=== Data section ===
*** Begin section ***
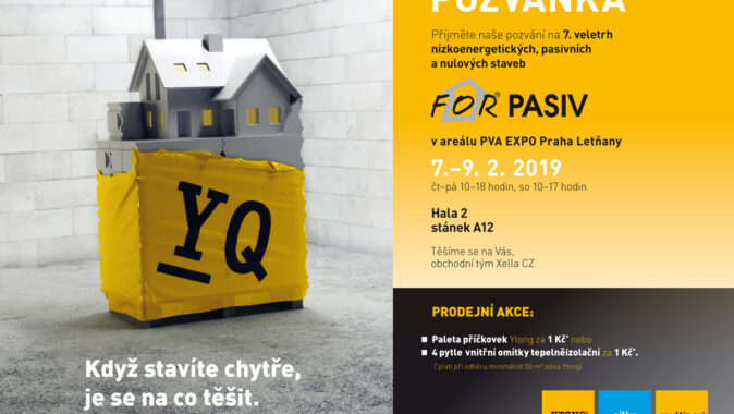 Na sedmém ročníku veletrhu For Pasiv 2019 se od 7. do 9. února na pražském výstavišti PVA Expo Praha představí nejnovější řešení nízkoenergetických, pasivních a nulových staveb. Společnost Xella najdete v hale 2 a můžete si prohlédnout stavební fragment, na kterém vám techničtí poradci předvedou kompletní systém Ytong, vápenopískové zdivo Silka a zateplení Multipor. Po dobu veletrhu je možné využít výjimečné akční nabídky zakoupení materiálu.
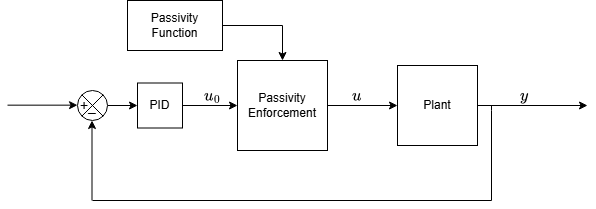 • Architecture — This figure shows a typical way of implementing Passivity Enforcement blocks to modify PID controller actions.
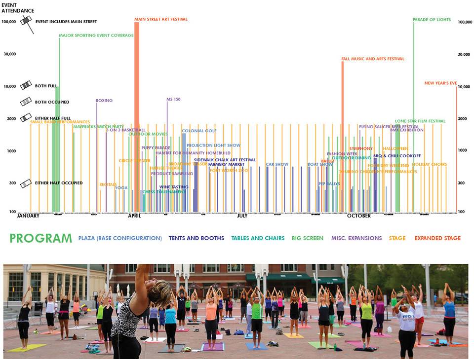 景觀設計師與客戶及城市規(guī)劃師進行了緊密合作,旨在滿足預期的日常和季節(jié)性活動需求。廣場每月都要舉辦十場免費公共活動,包括節(jié)日慶典、游行、音樂會、瑜伽教學和電影之夜等等。這些活動激活了城市的多元化人群——景觀建筑基金會的調查顯示,絕大多數(shù)居民都認為廣場改善了他們對城市的印象,同時增強了認同感。
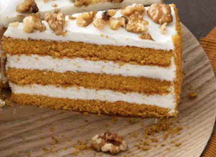 Tarta de zanahoria con crema de queso decorada con granitos de nueces.
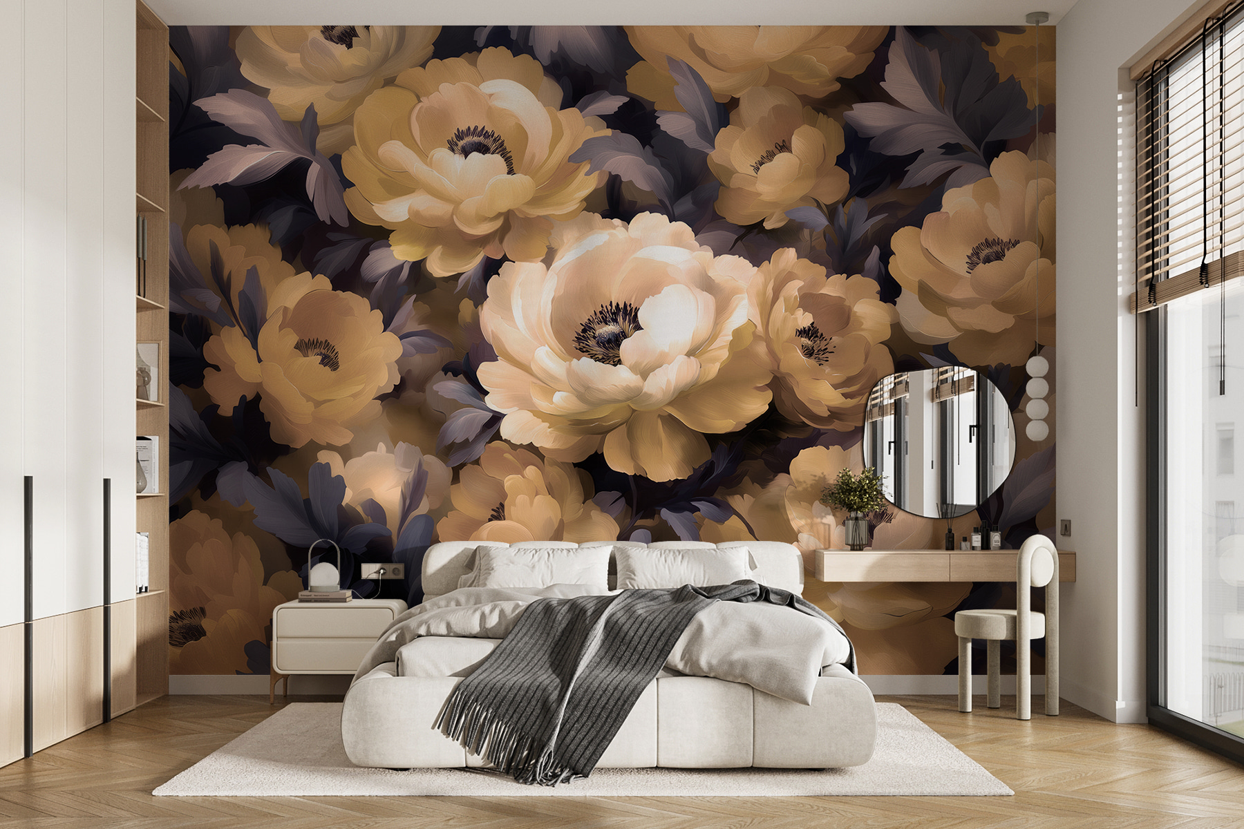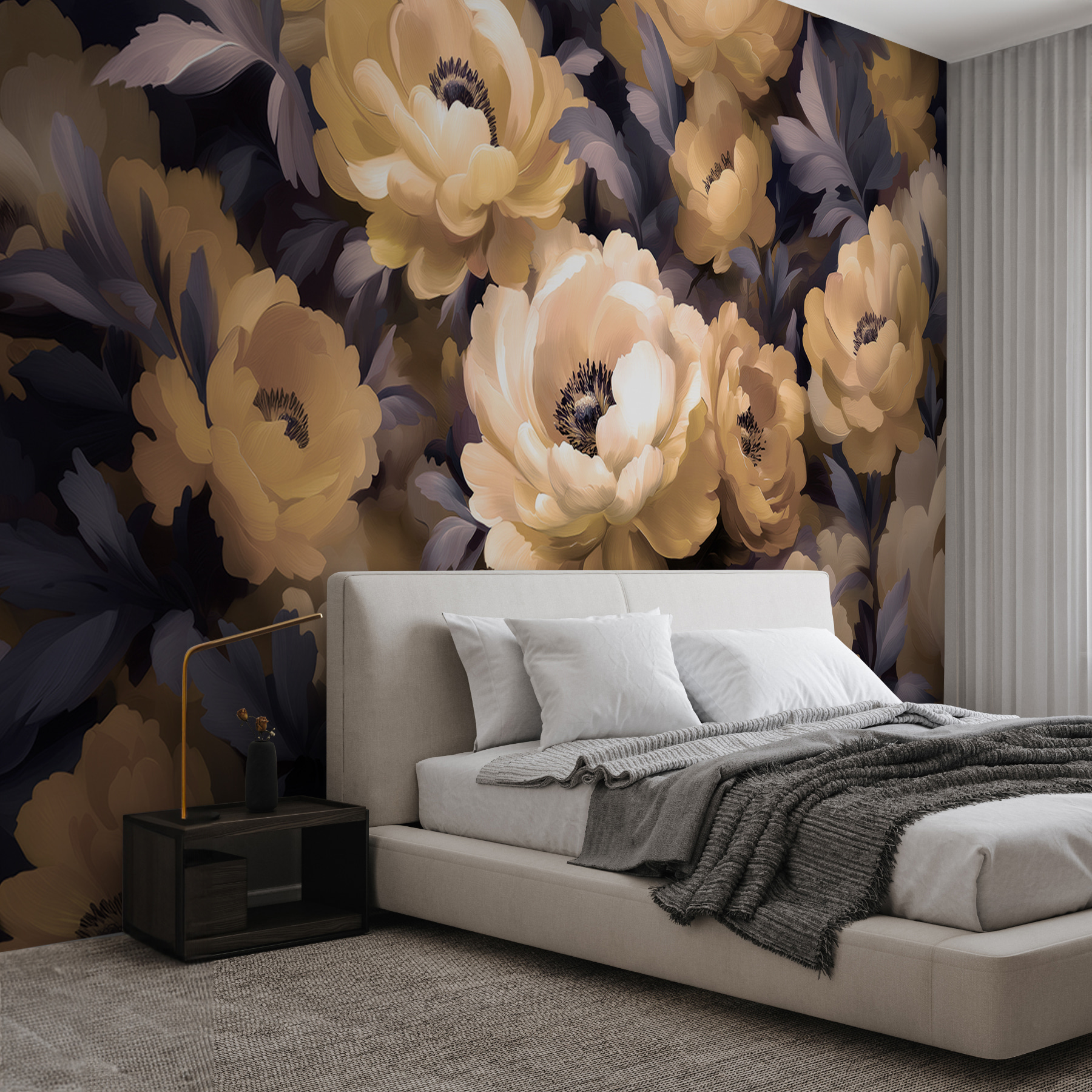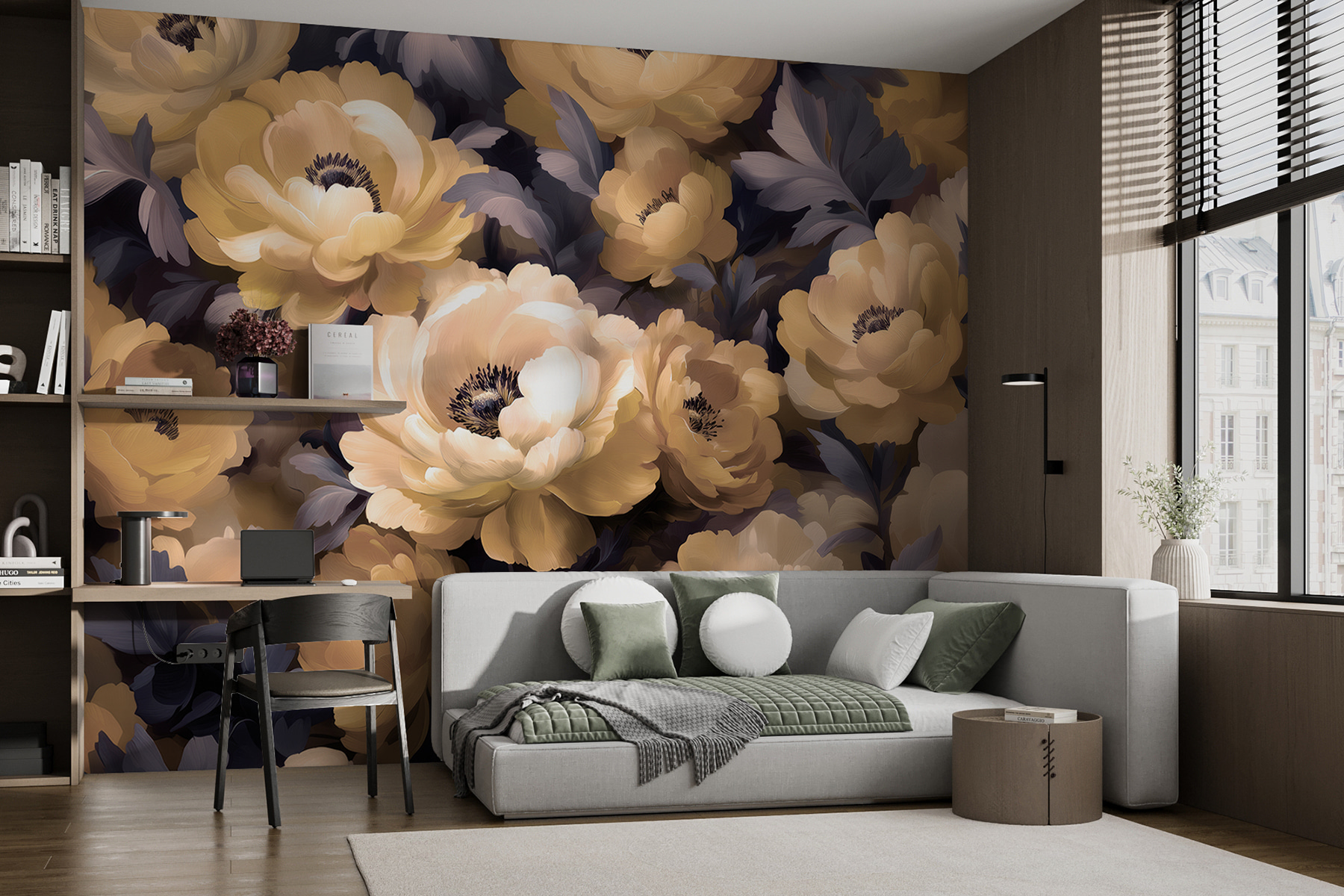 Imaginați-vă că intrați într-o cameră care se simte ca o îmbrățișare blândă dintr-o grădină înflorită. Această pictură murală uimitoare – supranumită “Grup de flori cu frunze” – dă viață spațiului dvs. cu bujorii săi luxurianți și frunzele capricioase. Este ca și cum ai avea o zi de primăvară permanentă în interior. Perfect pentru a înveseli un colț plictisitor sau pentru a crea o atmosferă senină în dormitor. Puteți simți liniștea? Subtilă, dar izbitoare, adaugă un strop de natură fără a fi nevoie de udare. Genul de artă care te face să suspini mulțumit de fiecare dată când treci pe lângă ea.
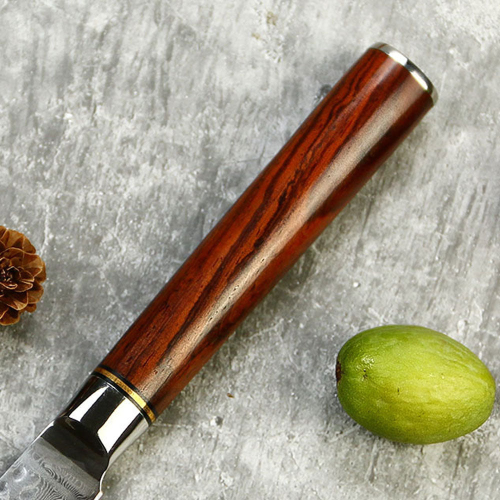 Cutit pentru curatat 7.6 cm din Otel Damasc cu Maner din Lemn de Trandafir
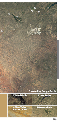 4 7 3 5 9 8 14 6 1 2 Powered by Google Earth 5 Victoria Falls 7 Lake Kariba 6 Eiseb Valley Massive Dunes 8 Okavago Delta 989
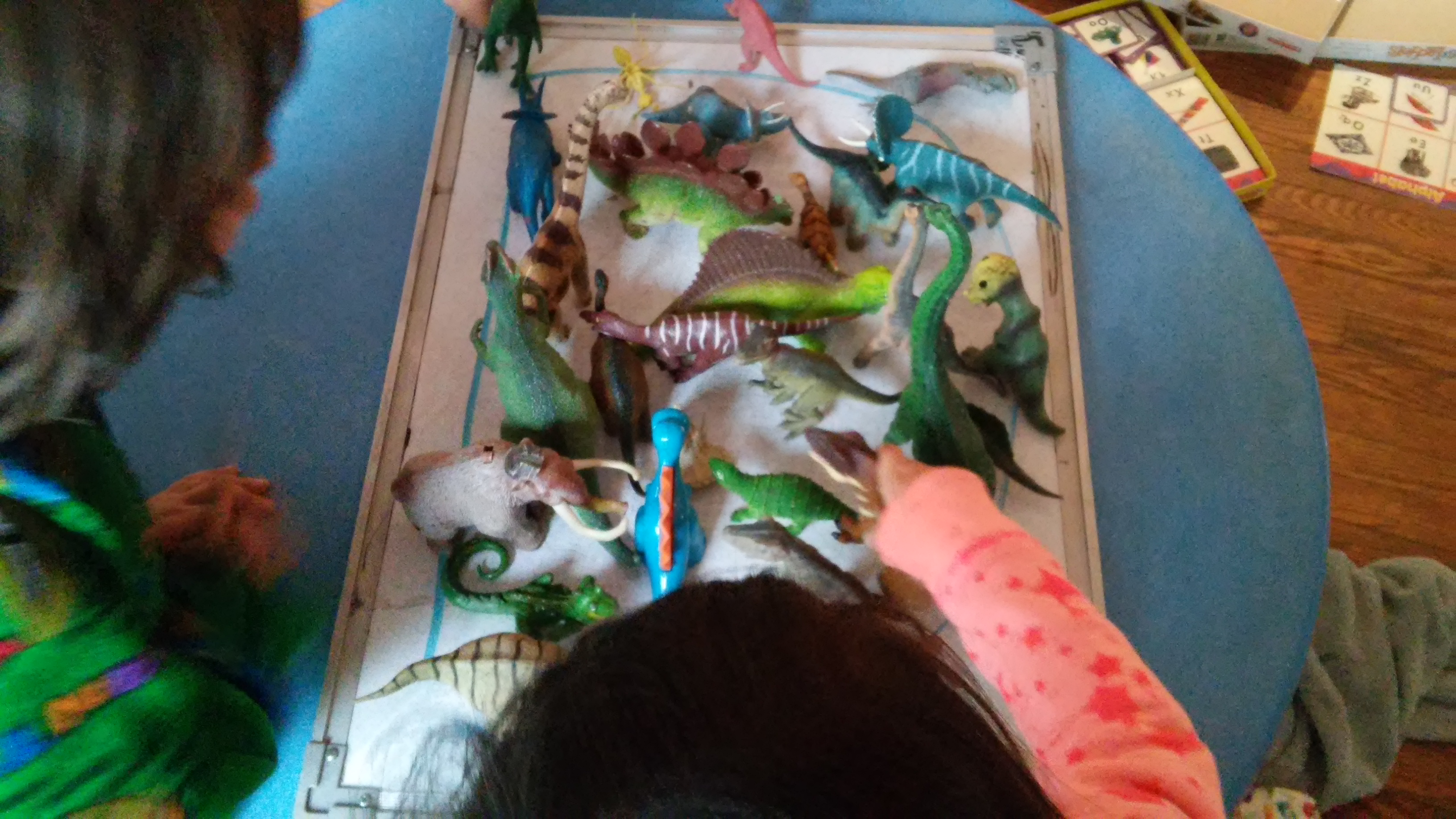 To help make this activity fun and memorable, our task was to place dinosaurs inside a large letter D. By doing this, your little one incorporated several developmental domains. They not only accessed their ability to evaluate space (How many blocks will fit?), but were given an opportunity to work with their peers.
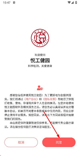 1、在使用协议隐私政策弹窗中点击同意按钮,进入登录页面。
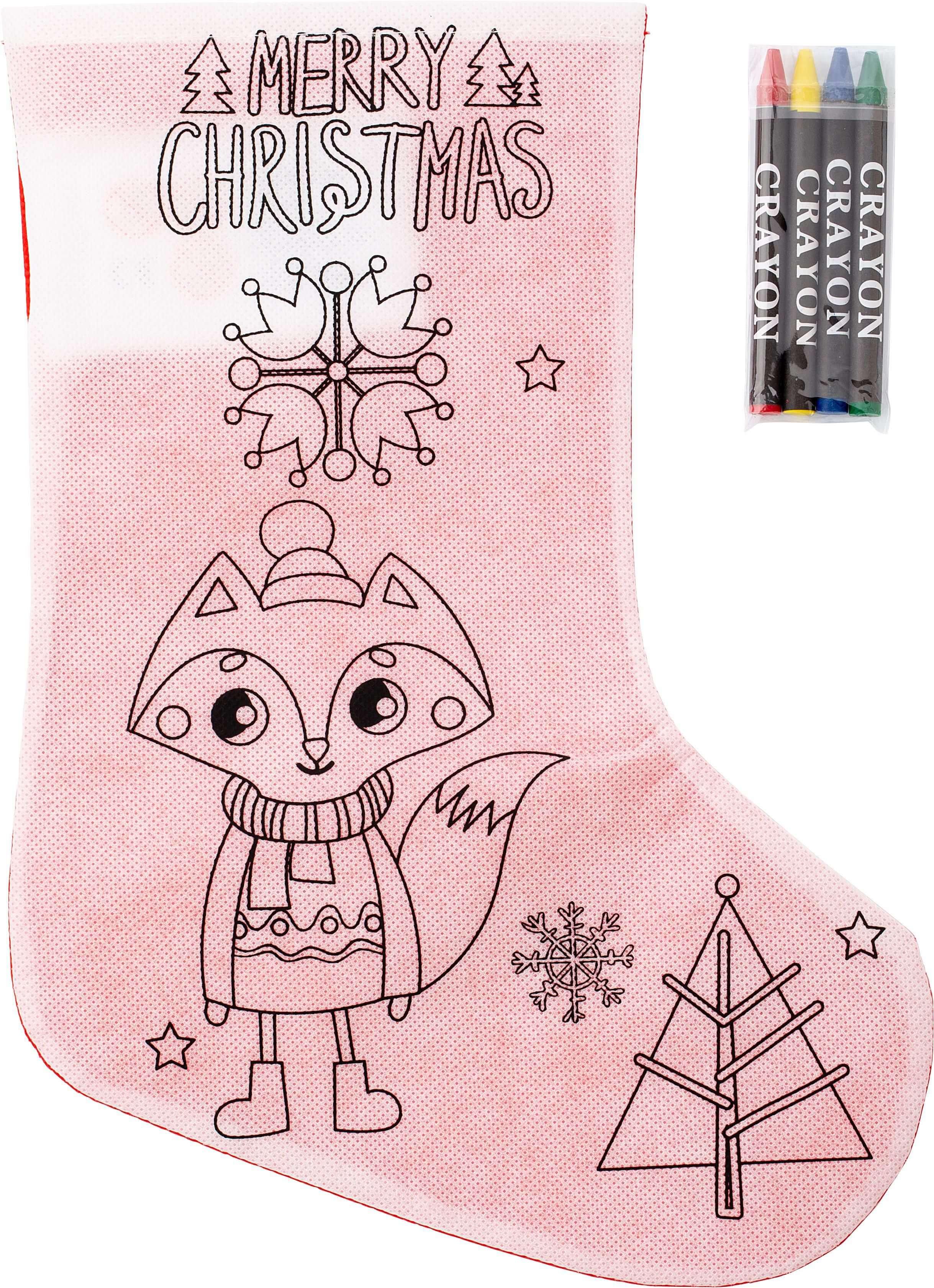 Meias de Natal nonwoven (80gr/m²), com uma face vermelha e impressão do outro lado, adequadas para colorir. Incluindo quatro lápis de cera (verde, vermelho, amarelo, e azul) em polybag.
*** End section ***
=== Aim of the task ===
Nothing but the lines from the one holding "景觀設計師與客戶及城市規(g" through the final line of the records above belongs in the answer, each retyped exactly; omit the pictures.

=== Response to the task ===
 景觀設計師與客戶及城市規(guī)劃師進行了緊密合作,旨在滿足預期的日常和季節(jié)性活動需求。廣場每月都要舉辦十場免費公共活動,包括節(jié)日慶典、游行、音樂會、瑜伽教學和電影之夜等等。這些活動激活了城市的多元化人群——景觀建筑基金會的調查顯示,絕大多數(shù)居民都認為廣場改善了他們對城市的印象,同時增強了認同感。
 Tarta de zanahoria con crema de queso decorada con granitos de nueces.
 Imaginați-vă că intrați într-o cameră care se simte ca o îmbrățișare blândă dintr-o grădină înflorită. Această pictură murală uimitoare – supranumită “Grup de flori cu frunze” – dă viață spațiului dvs. cu bujorii săi luxurianți și frunzele capricioase. Este ca și cum ai avea o zi de primăvară permanentă în interior. Perfect pentru a înveseli un colț plictisitor sau pentru a crea o atmosferă senină în dormitor. Puteți simți liniștea? Subtilă, dar izbitoare, adaugă un strop de natură fără a fi nevoie de udare. Genul de artă care te face să suspini mulțumit de fiecare dată când treci pe lângă ea.
 Cutit pentru curatat 7.6 cm din Otel Damasc cu Maner din Lemn de Trandafir
 4 7 3 5 9 8 14 6 1 2 Powered by Google Earth 5 Victoria Falls 7 Lake Kariba 6 Eiseb Valley Massive Dunes 8 Okavago Delta 989
 To help make this activity fun and memorable, our task was to place dinosaurs inside a large letter D. By doing this, your little one incorporated several developmental domains. They not only accessed their ability to evaluate space (How many blocks will fit?), but were given an opportunity to work with their peers.
 1、在使用协议隐私政策弹窗中点击同意按钮,进入登录页面。
 Meias de Natal nonwoven (80gr/m²), com uma face vermelha e impressão do outro lado, adequadas para colorir. Incluindo quatro lápis de cera (verde, vermelho, amarelo, e azul) em polybag.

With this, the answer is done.